Na Argentina, a morte de Néstor, em 2010, destruiu o esquema de “sucessão matrimonial” pelo qual ele deveria suceder a Cristina. Diferentemente da Venezuela, onde Chávez logo aplicou o “kit bolivariano” para assegurar o direito à reeleição indefinida, o kirchnerismo ainda não obteve a emenda constitucional que garanta à presidente o terceiro mandato consecutivo. Mas também não desistiu da ideia.
O chavismo pode estar vivendo seu ocaso. Maduro não é Chávez , e os problemas econômicos e sociais da Venezuela são imensos. O kirchnerismo, por sua vez, não tem herdeiro aparente, e o governo autocentrado de Cristina leva a Argentina rumo ao isolamento, em meio a graves desequilíbrios econômicos e sociais, embora o PIB cresça por força da agroindústria.

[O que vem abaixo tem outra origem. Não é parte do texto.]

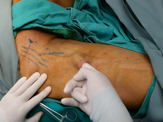 Colocación de trocares: Anatómicamente se delimitó el triángulo femoral teniendo como límites al ligamento inguinal (superior), músculo sartorio (lateral) y músculo aductor largo (medial). Se realizó la primera incisión horizontal de 15 mm a la altura del vértice inferior, a 3 cm, sobre la unión de los músculos sartorio y aductor largo, elaborando digitalmente un plano de disección a nivel de la fascia de Scarpa (Figura 1), colocando un trocar de 10 mm por el cual se introdujo la óptica de 0 grados e insufló CO2 a una presión inicial de 15 mmHg. Orientados por transiluminación se realizaron la segunda y tercera incisión, triangulando a 8 cm. de la primera, en sentido medial y lateral, colocando trócares de 10 y/o 5 mm. respectivamente, todos se fijaron a la piel con nylon 3/0.
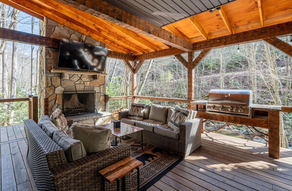 The main floor great room boasts a 20-foot cathedral, exposed beam ceiling and a stacked stone, floor-to-ceiling gas log fireplace that can be enjoyed from both the living room and the master bedroom. You can revel in the soothing sounds of the creek from any room in the cabin.
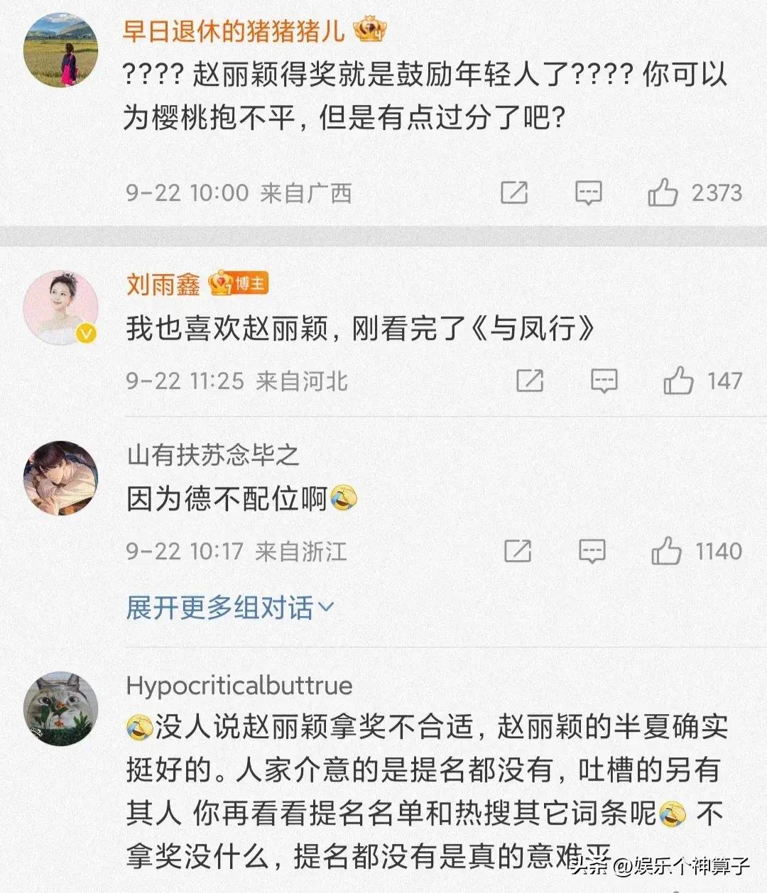關鍵是趙麗穎獲獎了,劉雨鑫又認爲殷桃值得大滿貫,結合前一條博文,這……,確實很容易讓人誤會,當然,可能本意並非如此。

Ambos são regimes acuados cuja reação é governar apenas para seus partidários. Algo gravíssimo na Venezuela, que saiu das eleições rachada ao meio. As primeiras declarações e medidas de Maduro mostram que ele opta pela exclusão dos quase 50% que votaram na oposição. Altos círculos chavistas planejam uma caça às bruxas no serviço público para excluir os suspeitos de terem votado em Capriles ou não terem demonstrado o esperado fervor chavista. A tática do confronto é temerária.

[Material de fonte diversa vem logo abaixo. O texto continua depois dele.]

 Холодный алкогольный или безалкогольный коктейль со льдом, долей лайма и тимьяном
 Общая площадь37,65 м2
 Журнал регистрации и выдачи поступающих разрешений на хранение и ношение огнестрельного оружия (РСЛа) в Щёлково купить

O casal K nunca levou em conta críticas, opiniões e sugestões, o que se agravou com Cristina. A Argentina está atrasada na aplicação do “kit bolivariano”, e a presidente corre contra o tempo. Sua obsessão é aprovar uma reforma que politizará o Poder Judiciário, permitindo ao governo manipulá-lo. Os parlamentares deverão examinar hoje o projeto, e têm a imensa responsabilidade de manter a independência do Judiciário. É difícil, pois o governo tem maioria no Congresso. Se a reforma passar, Cristina terá mais poder para aplicar outro instrumento de inspiração chavista: a Lei de Meios, que visa a enfraquecer empresas de comunicação, como o Grupo Clarín, críticas do governo.
Na Venezuela, a liberdade de expressão foi praticamente suprimida, e as instituições desmontadas. Na Argentina, algumas instituições democráticas ainda resistem. Mas estão sob o cerco de um regime autoritário e populista que quer impor ao país um receituário chavista que agora se mostra claramente falido.